Small Scales, Big Value: Creating a Value Chain to support Atlantic Canada’s sustainable fisheries

Last October, 2013, the Ecology Action Centre hosted a two-day workshop with the aim to:

  1. Bring together small-scale fishermen, retailers, chefs and distributors to quantify the demand from different market segments for Atlantic Canada’s ecologically and socially sustainable seafood.
  2. Explore different mechanisms for small-scale fishermen to meet these market demands.
  3. Identify barriers and opportunities for marketing Atlantic Canada’s small-scale fisheries including branding opportunities.  
  4. Identify priority action items to move forward in the promotion of ecologically and socially sustainable seafood products from Atlantic Canada.

Discussions at the workshop led to broad agreement on several recommendations, which have been compiled and released in a report called Small Scale, Big Value: Creating a Value Chain to Support Atlantic Canada's Sustainable Fisheries. You can download the report here. The main findings were the following:

  • Markets. Participants agreed that new marketing approaches are vital. If the goal is to protect and improve the livelihoods of Atlantic Canada’s small-scale fishermen, we need to escape the commodity curse and focus on marketing the quality and story of the seafood. At the same time, fishermen need to connect to targeted markets that recognize- and are willing to pay a premium for- high quality, responsibly harvested products.  Identified market targets included farmer’s markets, chef-operated restaurants, specialty retailers in other parts of Canada, and institutional buyers including universities and health care providers.
  • New Relationships. Small-scale fisheries are simply getting squeezed out of commodity markets as vertically integrated companies using high volume-low value fishing methods increasingly control market levers like price and quota access. While recognizing that there have often been tensions between fishermen and the buyers, processors, and distributors along the seafood supply chain, everyone agreed that is time to forge new and innovative relationships, from fee-for-service arrangements between fishermen and processors to regional branding partnerships.
  • Building links.  Atlantic Canada doesn’t have a regional distribution network for seafood, leaving small-scale fishermen stuck when it comes to getting their products to the regional markets that demand them. Participants agreed it would be worthwhile to explore the idea of a regional “seafood hub” that uses online tools to market and manage products, along with third-party transportation services to consolidate and distribute seafood.
  • Values-based branding. The group agreed that current seafood sustainability certification standards fail to capture the full range of values represented by Atlantic Canada’s small-scale, community-based fisheries.
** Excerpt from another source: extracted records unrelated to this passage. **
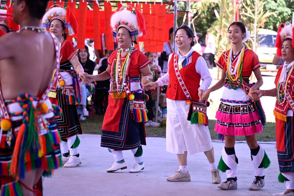 縣長徐榛蔚也親自與族人一同跳舞,在佳民村參與聯豐大會舞,在大德部落融入傳統樂舞,以真誠的投入感染現場氛圍,充分展現地方政府對原住民族文化的尊重與推動。
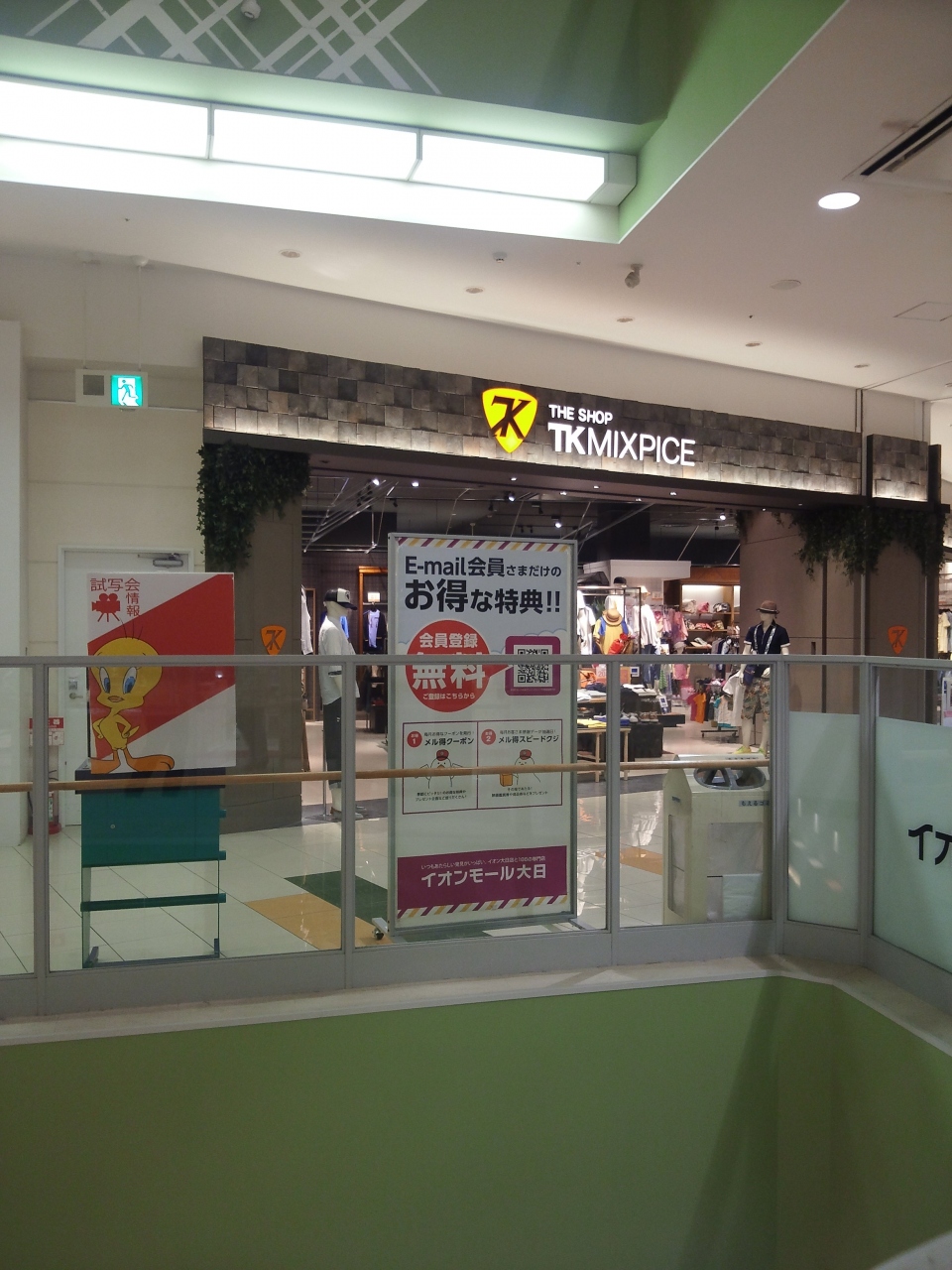 ジーニングカジュアルブランドを展開するザ ショップ TKミクスパイスです。店内には、普段着できられるジーズにある物が数多く置いてあります。メンズ、レディス、キッズまで展開してあります。こじゃれた雑貨まで沢山置いてあります。
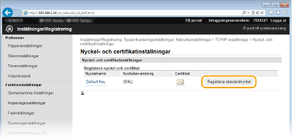 Klicka på [Registrera standardnyckel] till höger om det nyckelpar som du vill använda.
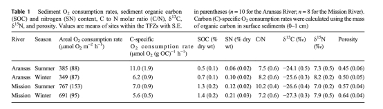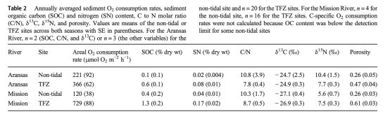 潮汐淡水區作為生物地球化學循環的熱點:德克薩斯州南部兩條河流下游的沉積物有機質分解
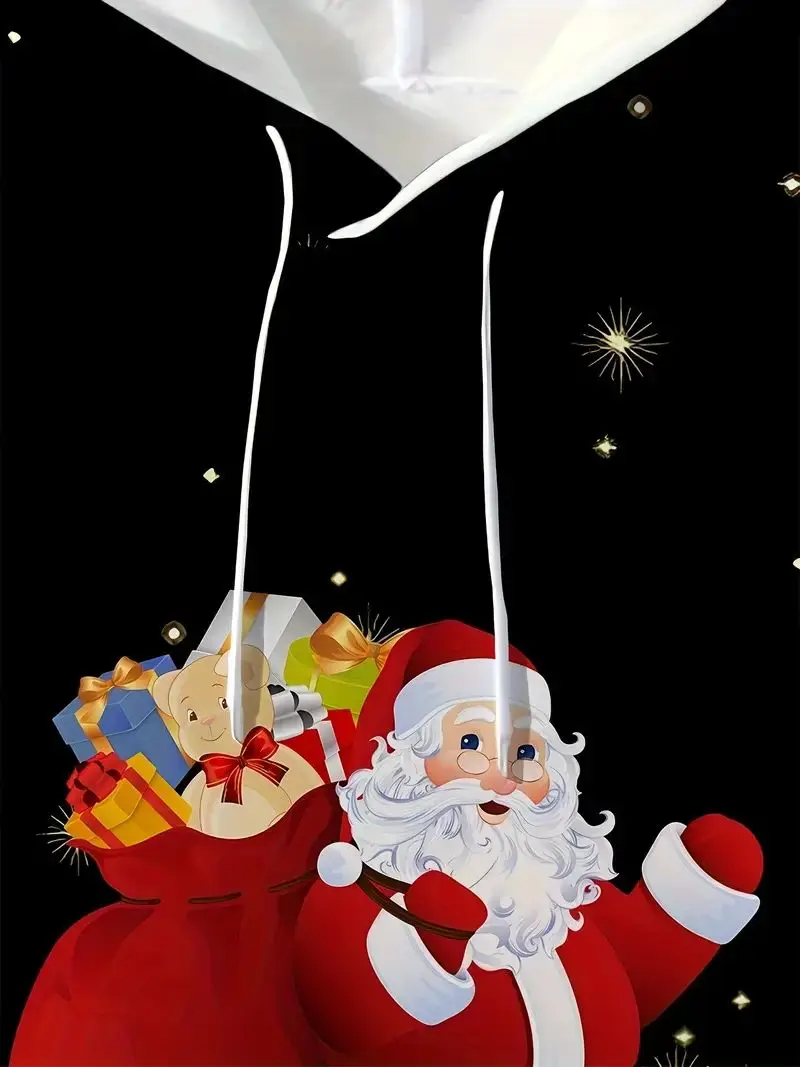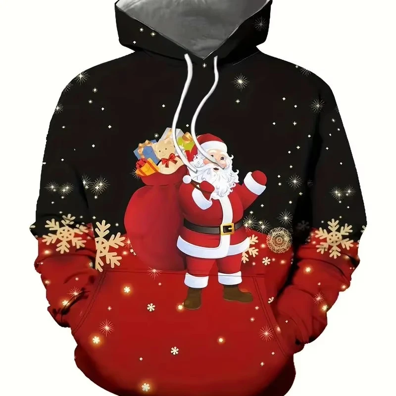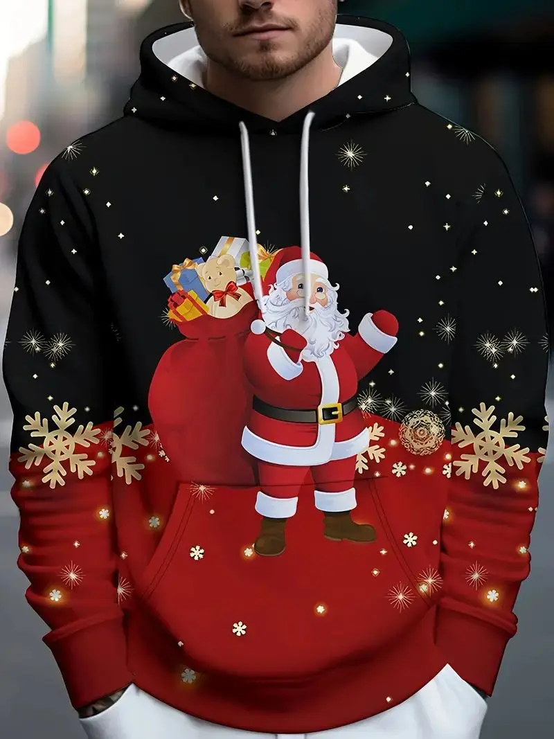 Men’s Casual Christmas Hoodie Santa Claus Print Pullover Sweatshirt with Micro Elasticity Regular Fit Made Polyester Knit Fabric
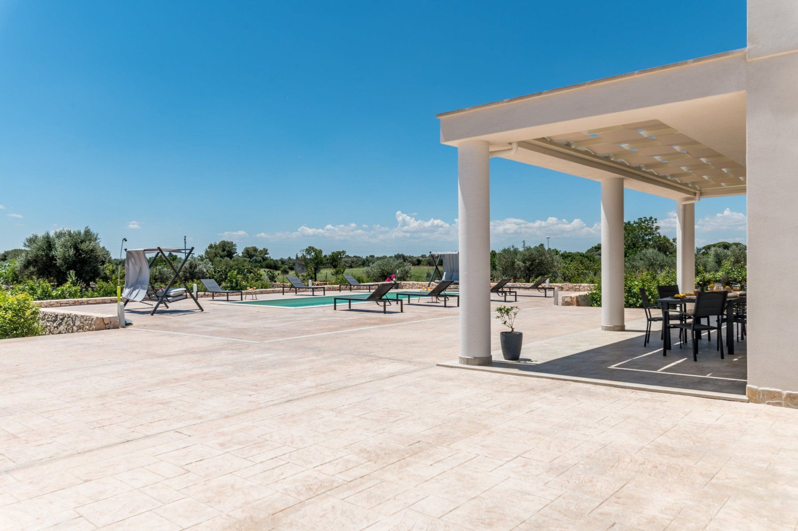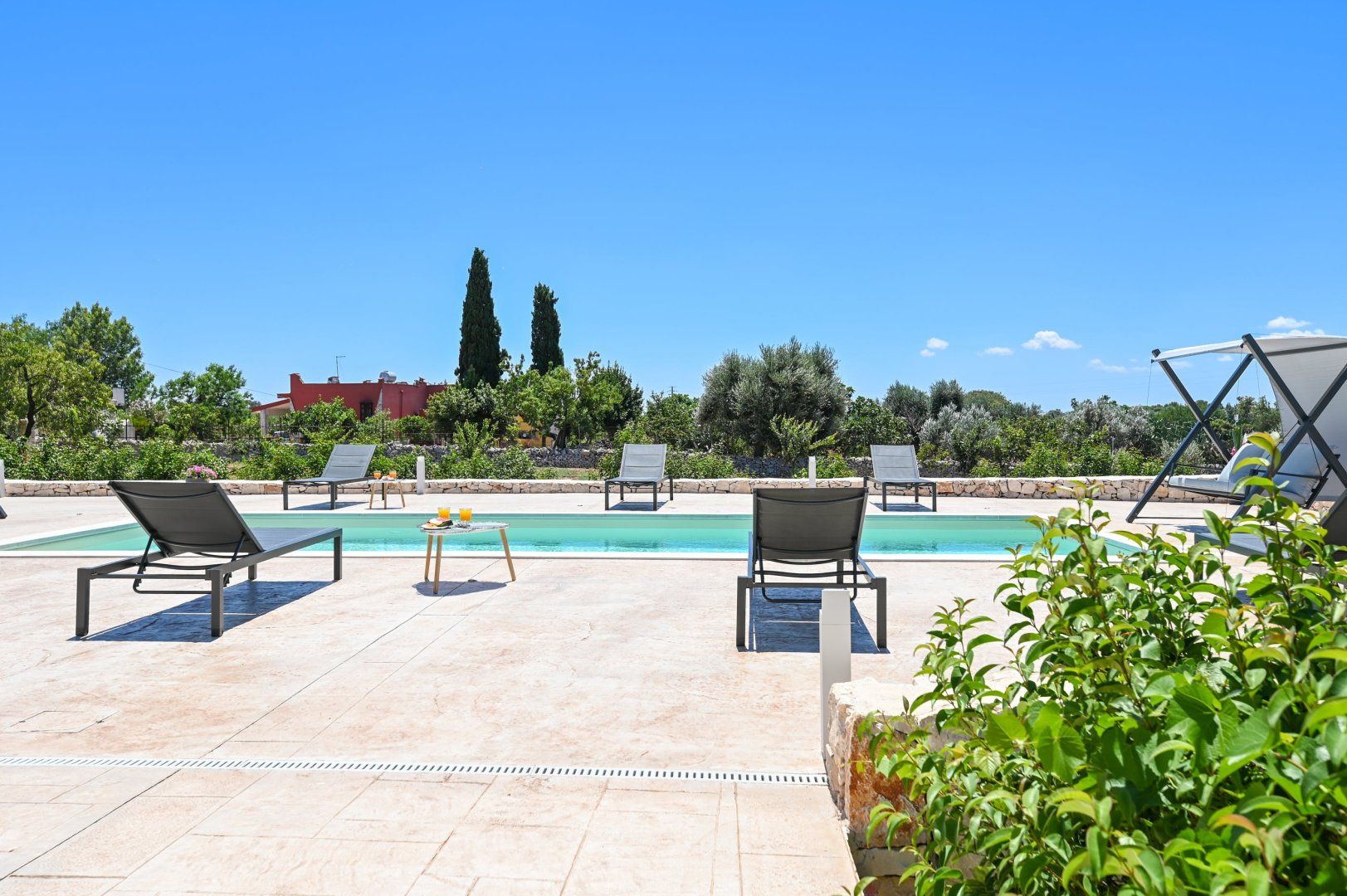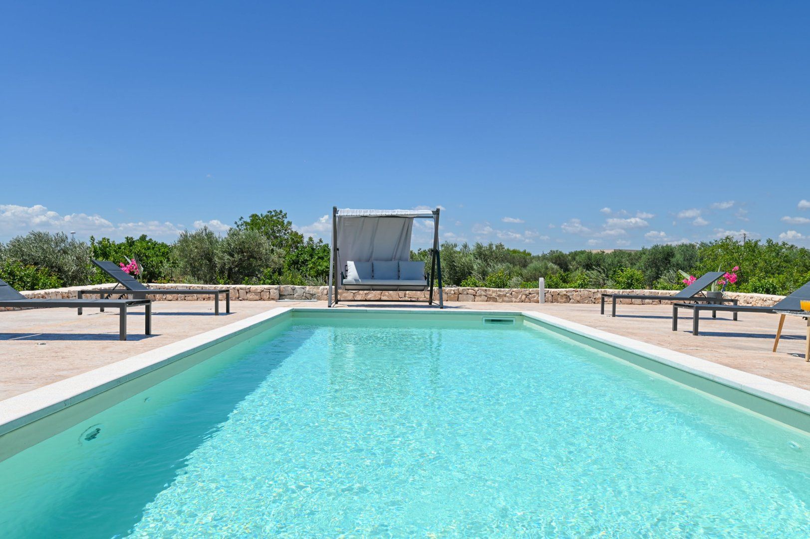 This villa can be found in San Vito dei Normanni, a village in Brindisi. It’s 10 kilometres from Ostuni, Italy’s White City, as well as from Torre Guaceto Reserve, so there’s plenty to explore nearby – though you’ll definitely need to hire a car. We like the simple, clean lines of the villa, but its real appeal is the outside space. The fenced garden has swing seats, a shaded veranda and, best of all, a large private swimming pool. There are only two bathrooms for eight guests, but the outdoor shower comes in handy for rinsing off after trips to the beach.
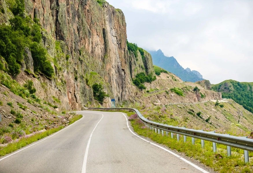 С дороги открываются захватывающие дух панорамы на Эльбрус, горные хребты, ущелья и реки. Дорога представляет собой узкий горный серпантин с крутыми подъемами, спусками и резкими поворотами.
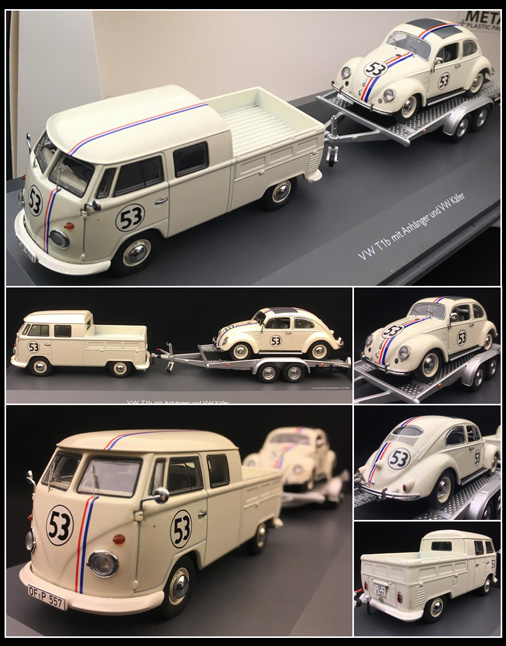 Volkswagen T1 avec remorque + Coccinelle Herbie Choupette n°53 - 1 : 43

However, the idea of a regional branding scheme was discussed. Common values that the participants were interested in incorporating into a regional brand included fair prices for fishermen, maintaining independent owner-operators, supporting sustainable fishing practices, safe working conditions, environmental stewardship, and social responsibility.
  • Sharing Stories.  Finally, there was general consensus that small-scale fishermen could do a better job sharing their success stories, both with other fishing communities and the public at large. Appreciating how busy most fishermen are, the idea of partnering with NGOs like the Ecology Action Centre was suggested as a way to help spread the good word about innovative projects and marketing successes coming out of Atlantic Canada’s small-scale fisheries.